Uncommon 2.75 x 1.75 ticket stub for a concert headlined by “Jimi Hendrix” at New York’s famed Madison Square Garden on May 18, 1969, issued for Loge 37C, Row B, and Seat 1. Included with the ticket is an original program for Hendrix's 1969 US tour, entitled 'Electric Church: A Visual Experience,' 12 x 12, 30 pages, which features numerous seldom-seen images of the Experience during downtime and on stage. In overall very good condition, with creasing to both items.

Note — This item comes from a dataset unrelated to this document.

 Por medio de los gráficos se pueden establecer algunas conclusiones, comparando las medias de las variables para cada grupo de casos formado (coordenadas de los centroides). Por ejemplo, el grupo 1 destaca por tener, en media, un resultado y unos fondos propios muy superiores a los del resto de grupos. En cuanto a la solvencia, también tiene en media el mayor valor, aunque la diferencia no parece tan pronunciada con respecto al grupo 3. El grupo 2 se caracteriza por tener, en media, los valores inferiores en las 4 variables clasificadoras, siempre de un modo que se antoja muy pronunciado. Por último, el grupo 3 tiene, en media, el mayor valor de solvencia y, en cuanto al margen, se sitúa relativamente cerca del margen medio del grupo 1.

Tickets for the 19,000-seat sold-out show ran from $4.00 to $6.50. This show at Madison Square Garden was the 18th gig of the Experience's 26-concert North American tour and it was about three weeks after Hendrix had been busted for drugs at the Toronto airport. On the day of the show, Hendrix and the band went to the Fillmore East to catch the first set by The Who. But, as bassist Noel Redding records in his diary, midway through the show smoke began to fill the hall. 'A fire started in the grocery store on the comer,' recalled Bill Graham. 'Someone threw a Molotov cocktail in there because the owner refused to pay his protection money.' Police invaded the Fillmore stage and cause a fracas as the crowd was ushered out. Guitarist Larry Coryell escorted The Experience to safety and their show at the Garden.

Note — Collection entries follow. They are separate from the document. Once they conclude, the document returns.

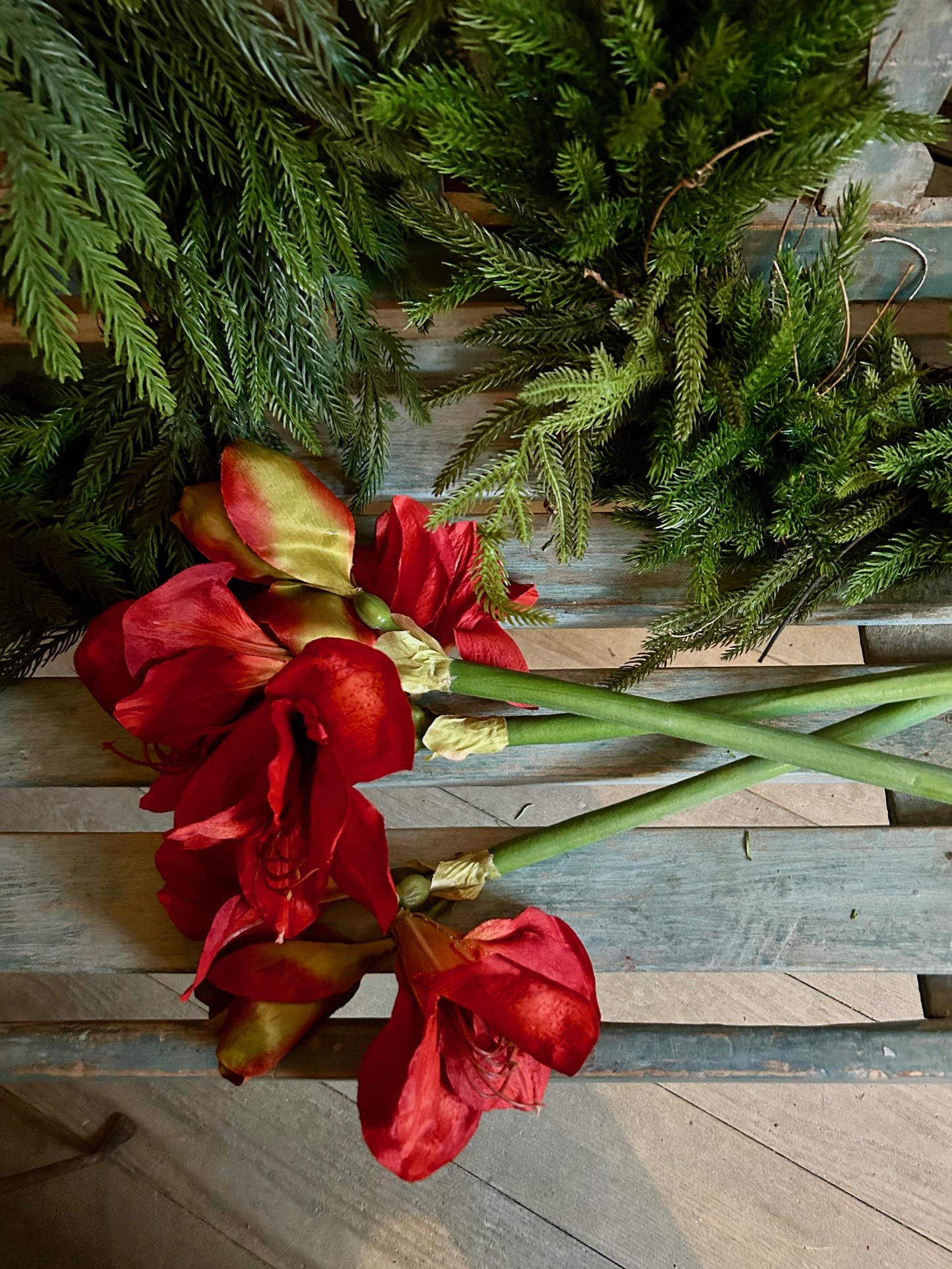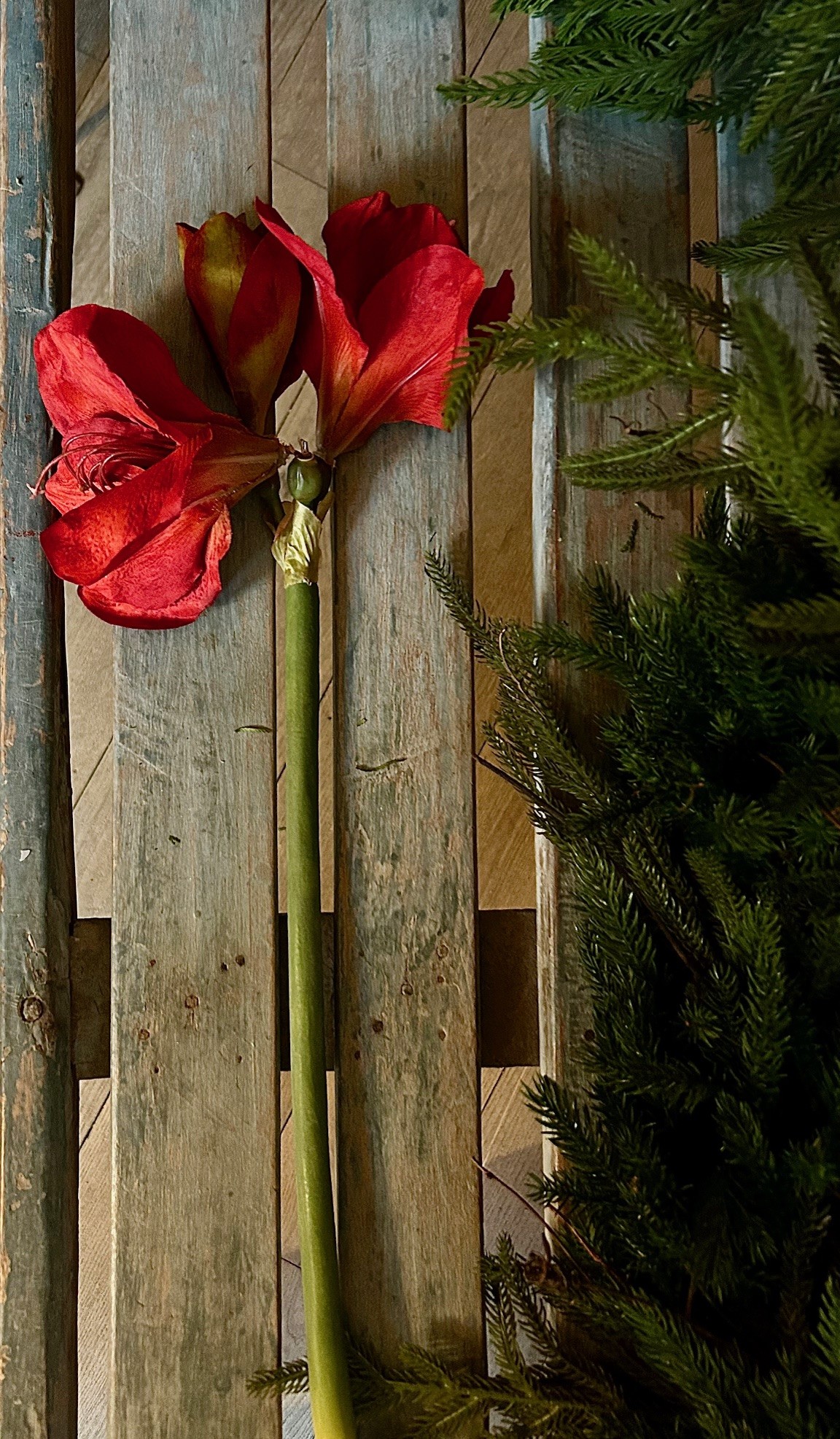 Röd konstgjord Amaryllis som ser otroligt äkta ut. Amaryllisen har 2 utslagna blommor och 1 kraftig knopp. En konstgjord snittblomma att ta fram år efter år.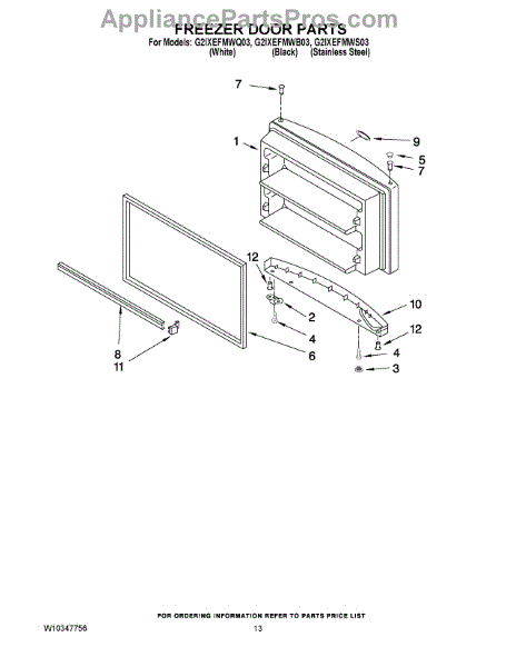 Parts for Whirlpool G2IXEFMWB03: 07 - Freezer Door Parts
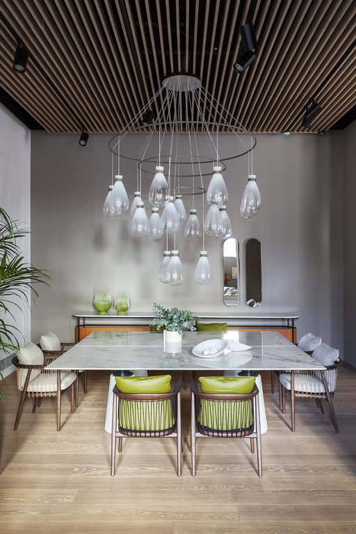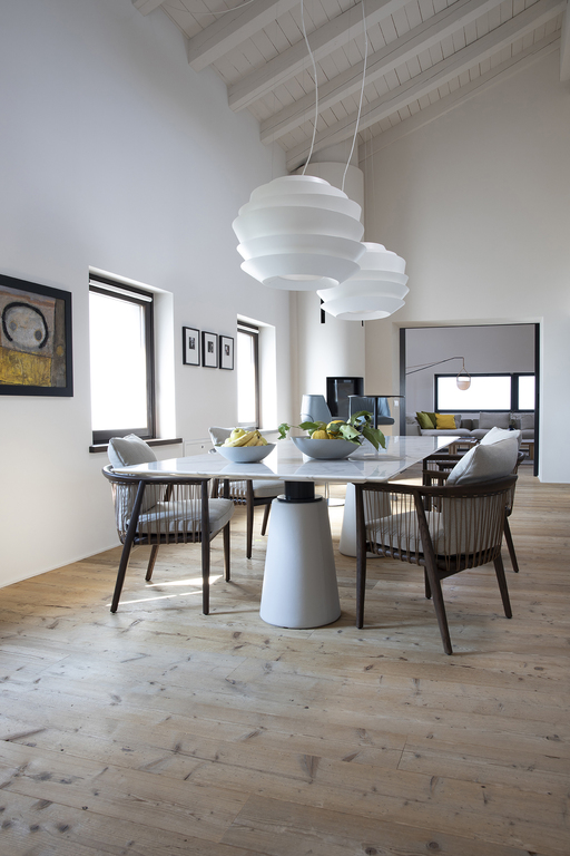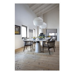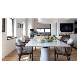 The Mesa table model with slate top and load bearing column in pietra serena is joined by new sizes that offer a greater variety of possible uses: the Mesa Due model comes as a bistro table with diameter of 120 cm, a dining table with diameter of 150 or 180 cm, and a rectangular table measuring 260 x 110.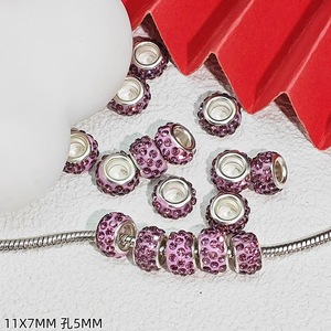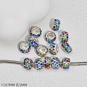 圆形三排软陶镶钻大孔珠彩色隔珠鸡眼钻球diy手工串珠手链饰品配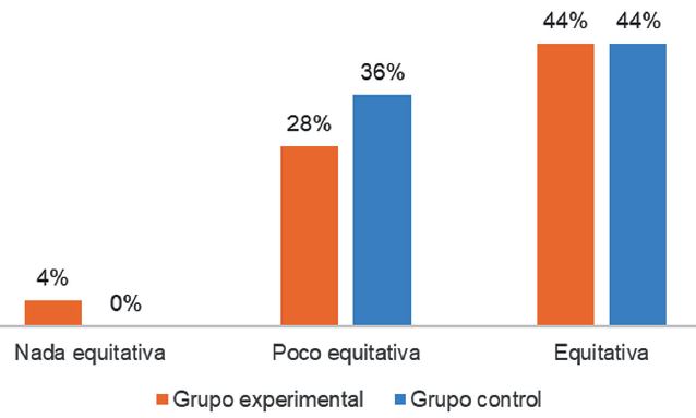 Al preguntar ¿cómo percibiste la distribución de las tareas a desarrollar?, los alumnos de ambos grupos respondieron con la cifra más alta de distribución equitativa con un 44% y solo un 4% consideró que la distribución de tareas a desarrollar había sido nada equitativa.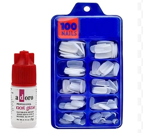 Tifurko Nail Art Combo of Artificial Nails, 100 Pieces of Nails, Nail Cleaner Brush, Nail Filer and Buffer Both and Nail Glue for Girls, Easy to Use and Remove and Change Styles Frequently and Easily.

Six weeks after the May 18, 1969, Madison Square Garden concert, Noel Redding quit the Jimi Hendrix Experience. Hendrix recruited his old Army buddy Billy Cox to play bass, and drummer Buddy Miles joined them to form the first successful all black power trio, A Band of Gypsys.

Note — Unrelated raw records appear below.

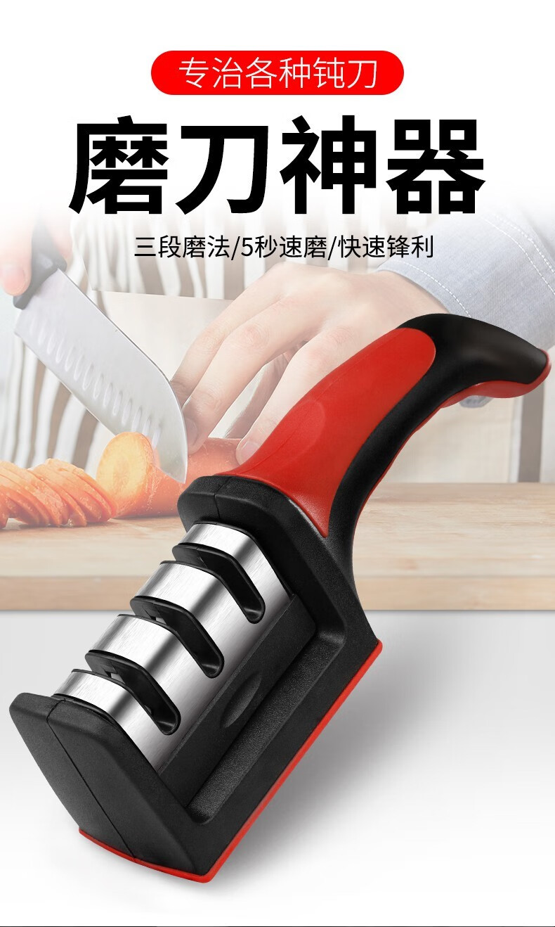 Yuan Xie Knife Sharpener Household Knife Sharpening Stone Kitchen Knife Sharpening Artifact Tool Multi-function Scissors Sharpening Multi-purpose Knife Sharpening Stick Knife Sharpener Black and Red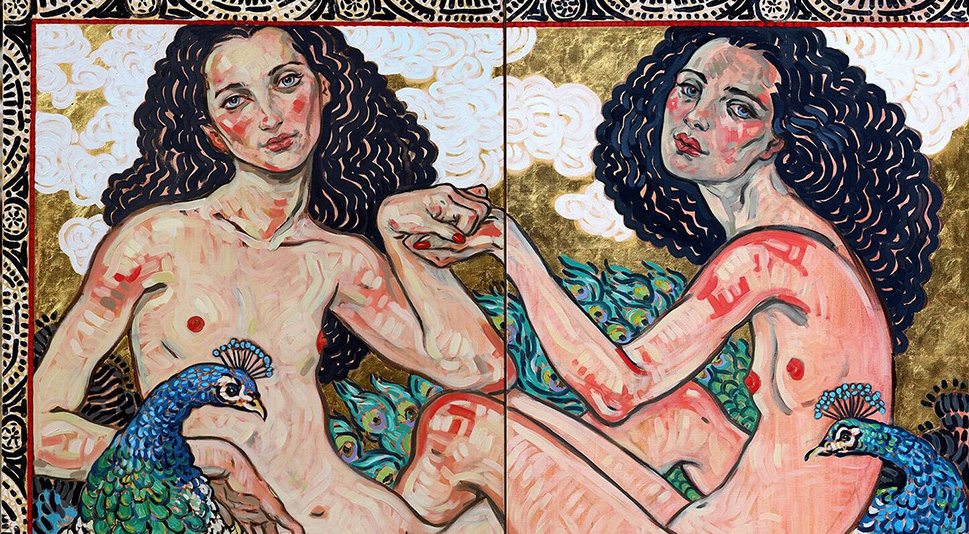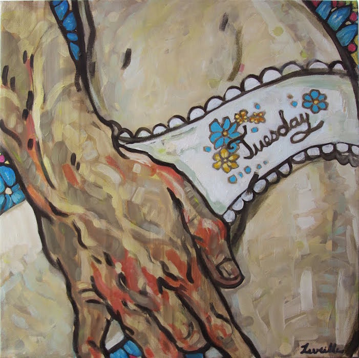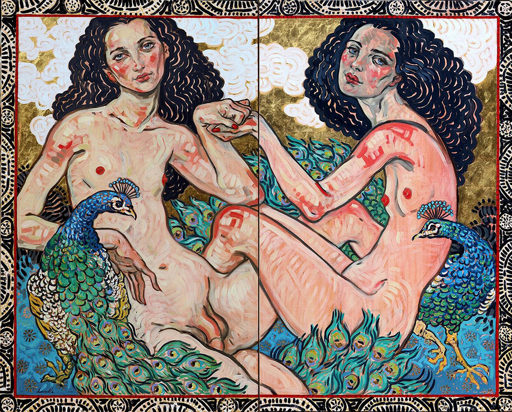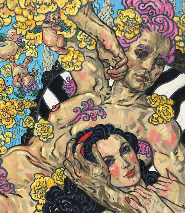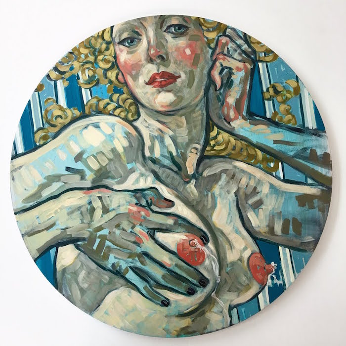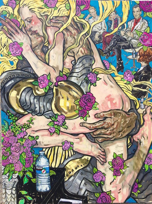 “We evolve within a state of cultural influence. Things we perceive to be ideals are often built upon faulty, weak and diseased foundations set forward and reinforced by society and pop culture. We are made to fall in love with an arbitrary set of stereotypes, physical ideals or cultural goals that are twisted and often deeply damaging to us. My last body of work entitled “Crush” was an exploration of these themes. I continue the dialogue by exploring what happens once we cross to the other side of social constructs, the fairytales that we are raised with. Thus, this new body of work is titled “The End of Love.” What comes after delusions of “love?” Feminine power and sexuality find new ground, as does an urgency to assert the female gaze. The female gaze must find a stronger manifestation; it is too often expressed as a reinterpretation of the male gaze. The ambiguity and multiple meanings implicit in “The End of Love” provide a rich internal dialogue surrounding the nature of sex and myth in contemporary culture. The end of love can be the physical climax. It can be the trickery of biological need for reproduction. It can be the apogee; the farthest reaches of the meaning of romantic love. Despite my calling to language, symbol and figure, my work must have its own life beyond language. The material of the paint itself and the lushness of the determined line hold their own power of meaning. The work originates in words and symbols but it does not conclude in a form that can be expressed simply by language.” – Rebecca Leveille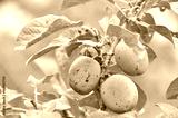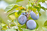 Ripe plums on branch. Plum plantation with a ripe plums on tree

Hendrix embraced the 'electric church' concept as a cosmic, quasi-spiritual belief that music could flow around the world like an electrical force, into bodies and out of souls, enlightening people along the way. On the Dick Cavett show in 1969, Hendrix explained that he designed his music to go 'inside the soul of the person, and awaken some kind of thing inside, because there are so many sleeping people.' It is no coincidence, either, that he literally relied on electricity to create his music in the first place—at its core, the Hendrix sound is the result of an electrical signal passing through a series of wires, magnets, transistors, and vacuum tubes.